Firstly, welcome to the forum :)

You don't say what Sw you use for processing your RAW images, but Lightroom 5 does a pretty good job of noise reduction (and other, specialist noise reduction packages can do even better).

I would be tempted to shoot some images at higher ISO than you would normally to try and get the shutter speed higher - without seeing images or knowing what settings you've tried it's difficult to give specific advice, but remember that an image that appears noisy when viewed at 100% on screen, might look fine when printed or scaled down for web.

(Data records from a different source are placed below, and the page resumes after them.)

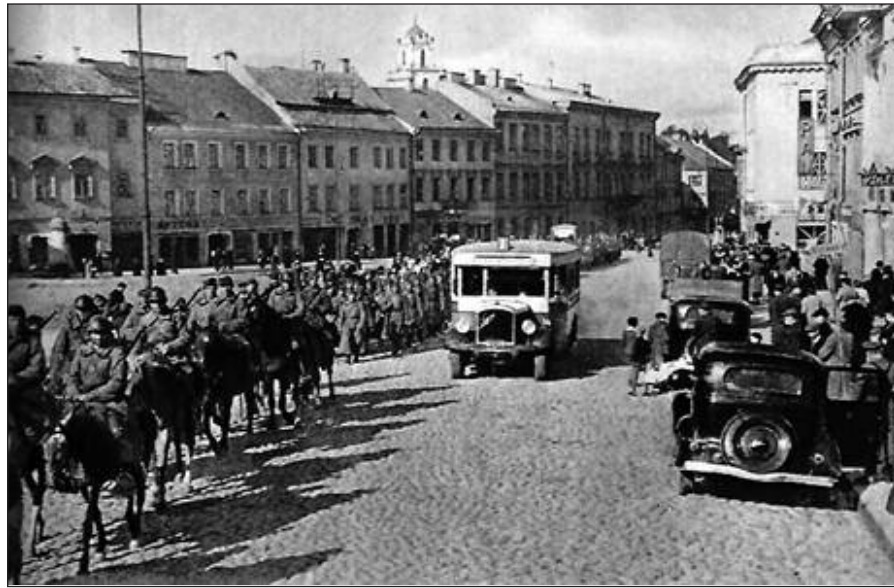
Trečioji sovietų okupacija, 1939 m. rugsėjis.

Tai buvo svaiginantys metai. Atrodė, kad ne keletas, bet keliolika metų ar net ištisos epochos buvo sugrūstos į tuos pirmosios sovietų okupacijos metus. Naujų, negirdėtų žodžių ir idėjų skleidimas tolino ir skaldė, skyrė ne tik draugą nuo draugo ar giminaičio, bet ir nustatinėjo brolių prieš brolių, sūnus prieš tėvus. Tai buvo dviejų skirtingų pasaulėžiūrų, pasaulių ir jų santvarkų susidūrimas. Komunistų sistema buvo pasiryžusi pakeisti visuomenės santvarką, įskaitant papročius, galvoseną ir tikėjimą. Ši skirtingų santvarkų kova pasireiškėdavo įvykiais, kurie savotiškai lietė, kankino ar džiugino kiekvieno žmogaus protą ir jausmus.
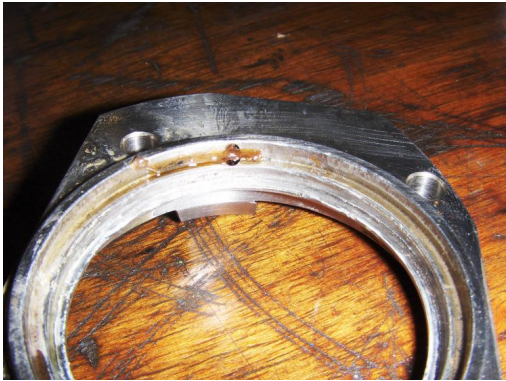
Seal deksel, vervuild
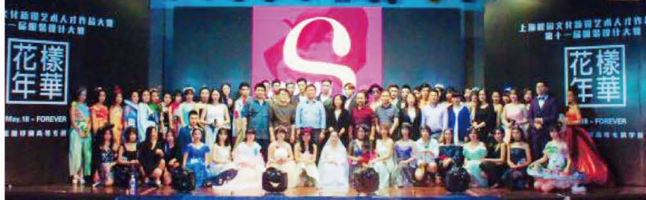
上海校园文化新锐艺术人才作品大赛暨我校第十一届服装设计大赛
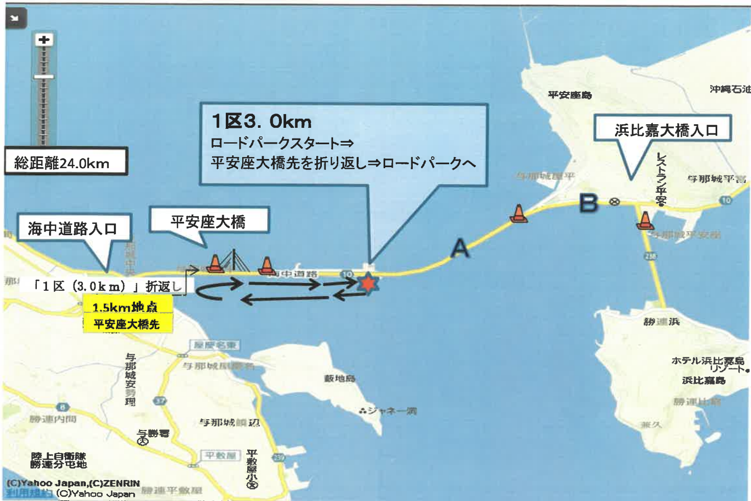
「1区」折り返し (スタートより1.5km地点) 平安座大橋先

You can also convert to B&W - this doesn't remove the noise directly, but sometimes noise in a B&W shot is considered less of an issue.

Another option (which depends entirely on the stage set, etc.) is to actually embrace the motion blur - IE take a few shots where the stage is sharp, but the performers are 'artistically' blurred as a way of showing the movement. It's one of the big advantages of digital - you can try taking a dozen or so such shots (with varying shutter speeds), and if none work you've lost nothing!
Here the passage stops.